Gümrük Vergileri ve Mali Tekeller Sanayileşmenin ilk aşamasında koruyucu gümrük vergilerine ihtiyaç duyulur. Lozan Ant.’da ek ticari protokolde yer alan hüküm: 5 yıl gümrük politikası belirlememize engel oldu. Buna rağmen iç üretim korundu ve ithalat miktarı ayarlandı. İstihlak vergisi yoluyla ithal malların içteki fiyatı yükseltilerek tüketimi azaltıldı, ithalatı azaldı. Devlet tekelleri alanı genişletildi.
Gümrük Tarifesi ve İthalat Umumi Tarifesi, 1929’da, 5 yıllık sürenin dolmasıyla yürürlüğe girdi. Bu kanun spesifik yapıdadır. Mali ve koruyucu amaçları vardır. Cumhuriyetin başlangıç yıllarındaki mali tekeller: tütün mamülleri, tuz, şeker, petrol ve benzin, oyun kağıdı, kibrit, fişek ve patlayıcı maddeler, ispirto, alkollü içkiler, posta hizmetleri, telgraf ve telefon.
Sanayileşme Çabasında Vergi Teşvikleri 1923’te İzmir İktisat Kongresinde Sanayi grubunun aldığı kararlar: Sanayinin korunması Sanayinin özendirilmesi Sanayinin finansmanı
Sanayinin Korunması: Ülkede elde edilebilen hammaddelerin ithalatının önlenmesi, 1924’te sanayinin gelişmesi için gerekli hammaddenin gümrüksüz ithalatı hükmü getirildi. Sanayiye ucuz girdi sağlanmak istenmiştir.
Sanayinin Özendirilmesi: 1927’de Teşviki Sanayi Kanunu çıkarıldı. 15 yıl yürürlükte kalmak için çıkarıldı. İşletmeler çeşitli gruplara ayrıldı. Büyük işletmeler teşviklerden en fazla yararlandılar. Arazi vergisi, musakkafat vergisi, kazanç vergisi, bunların belediyelere ait eklerinden, ruhsat ve damga resimlerinden muaf tutulmuşlardır.
Sanayinin Finansmanı: Sanayi kuruluşlarının kredi ihtiyaçlarını sağlayacak sanayi bankası kurulması İzmir İktisat Kongresinde kararlaştırıldı. 1924’te İş Bankası kuruldu.

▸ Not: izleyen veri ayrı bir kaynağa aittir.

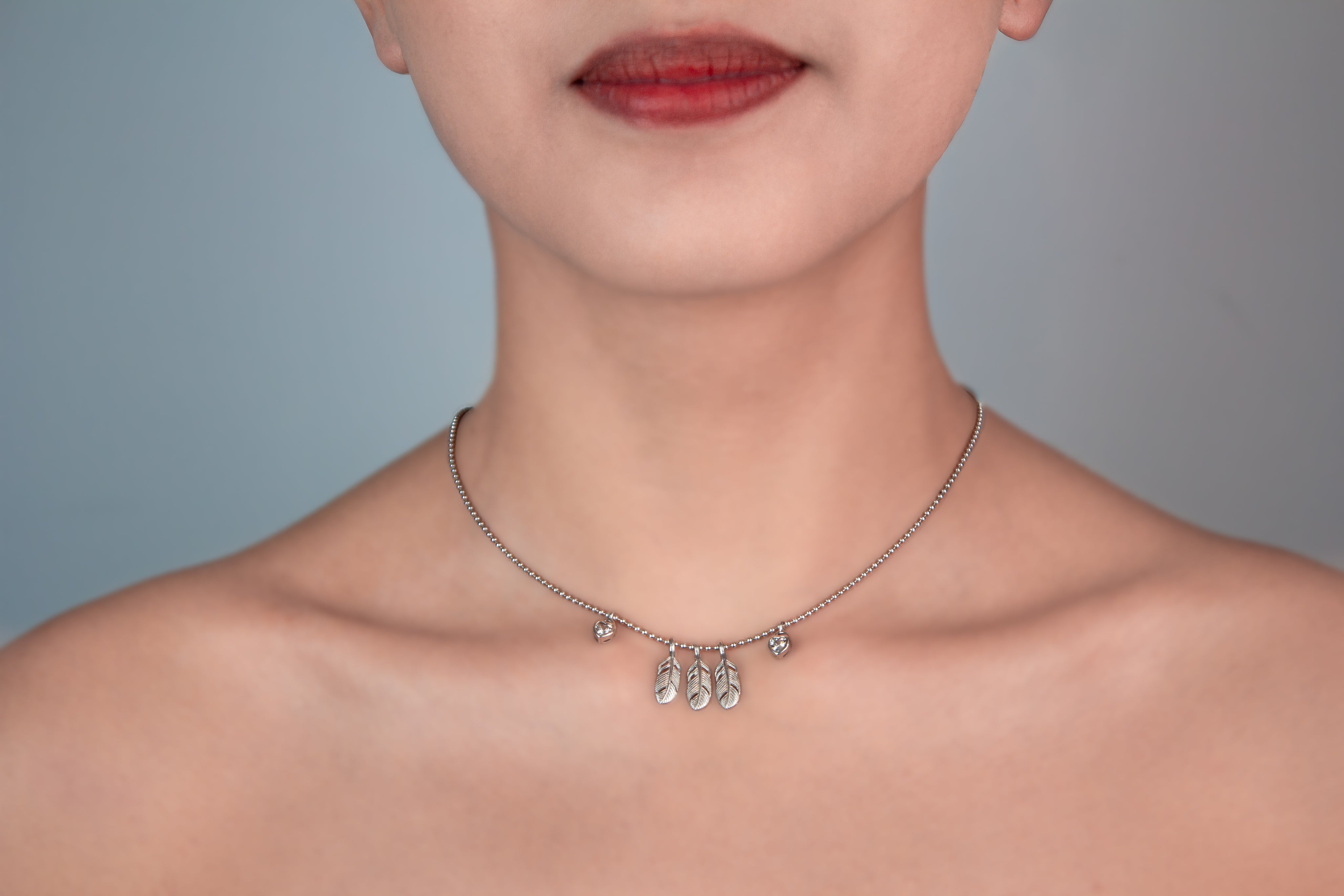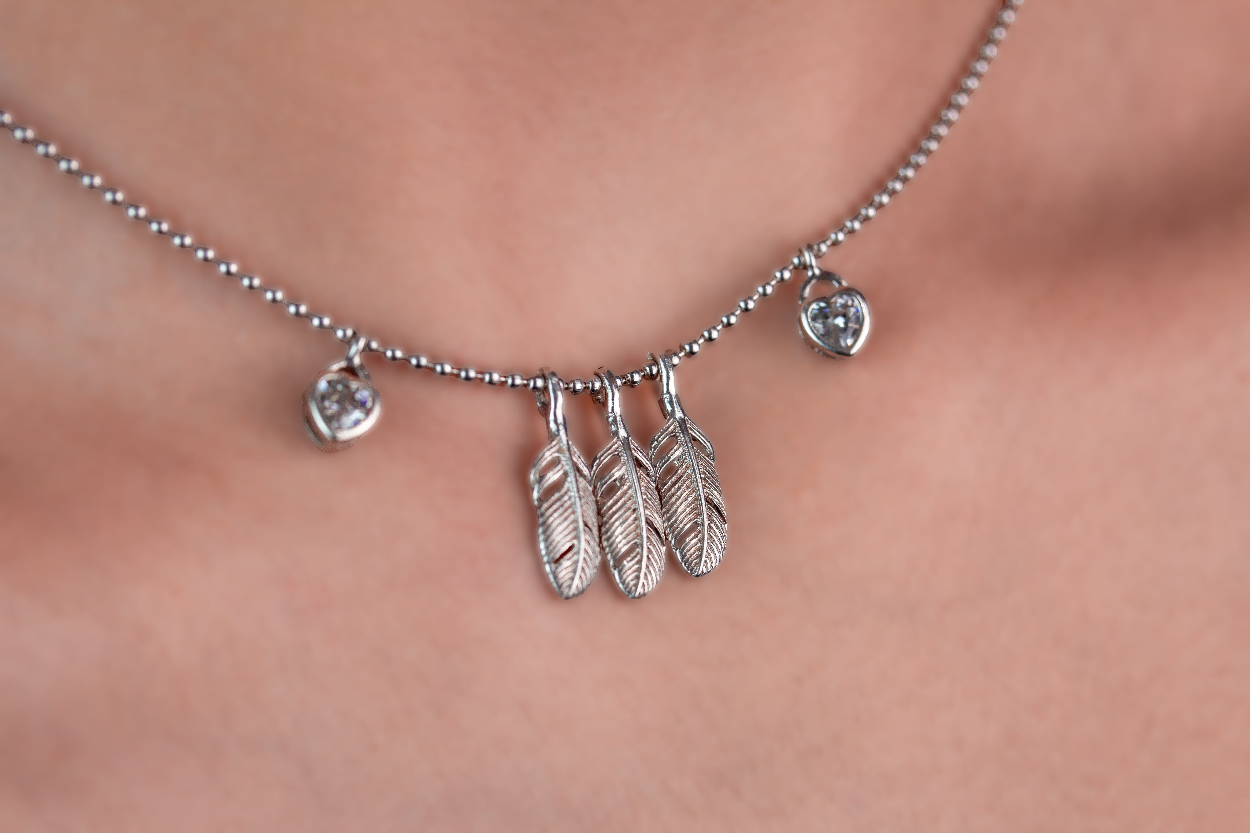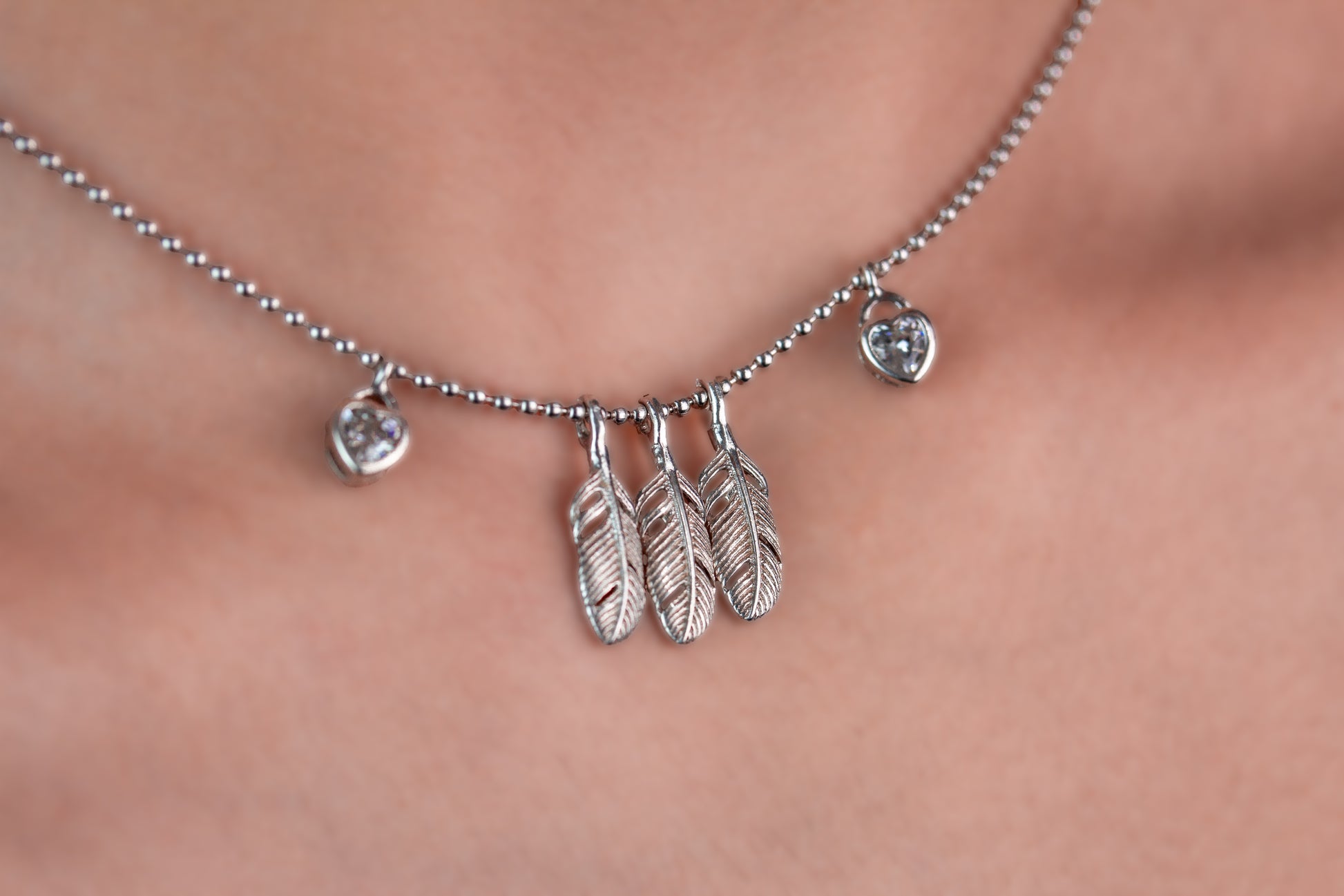 Gargantilla de plata italiana 925 con dijes de plumas y circonias en forma de corazón.

1924’te İş Bankası kuruldu. 1925’te Sanayi ve Maadin Bankası kuruldu. Bu politikalarla liberal ekonomi içinde, devlet düzenleyicilik görevini yerine getirmiştir.
Vergi Politikasını Yönlendirici Yeni Kurumların Oluşturulması Ticaret ve Sanayi Odaları: 1925’te Ticaret ve Sanayi Odası Kanunu kabul edildi. Odalar kamu tüzel kişiliği kazandı. Odaya üye olmak zorunlu hale geldi. İş çevrelerinin sorunlarını politik karar organlarına götürebilecekleri kanal olştu.
Ali İktisat Meclisi: Çeşitli baskı grupları temsil edilirdi. Birinci İşlev: Çıkarları farklı grupların uzlaşması için ortam sağlanırdı. İkinci İşlev: Çok partili döneme geçildiğinde iktisadi politikayı parti politikalarının çelişkilerinden kurtarmak. Hükümetin kontrolünde üye seçildi. İşçi grupları temsil edilemedi. 1935’te kaldırıldı.
Dönemin Değerlendirilmesi İzmir İktisat Kongresinde alınan kararlar izlenen vergi politikalarında temel etkendir. Vergi politikaları gelir arttırıcı mali amaçlı olması yanında sosyal ve ekonomik amaçları da dikkate almaktaydı. Devletin tüm destek ve teşviklerine rağmen sanayileşme istenilen seviyeye ulaşmamıştır.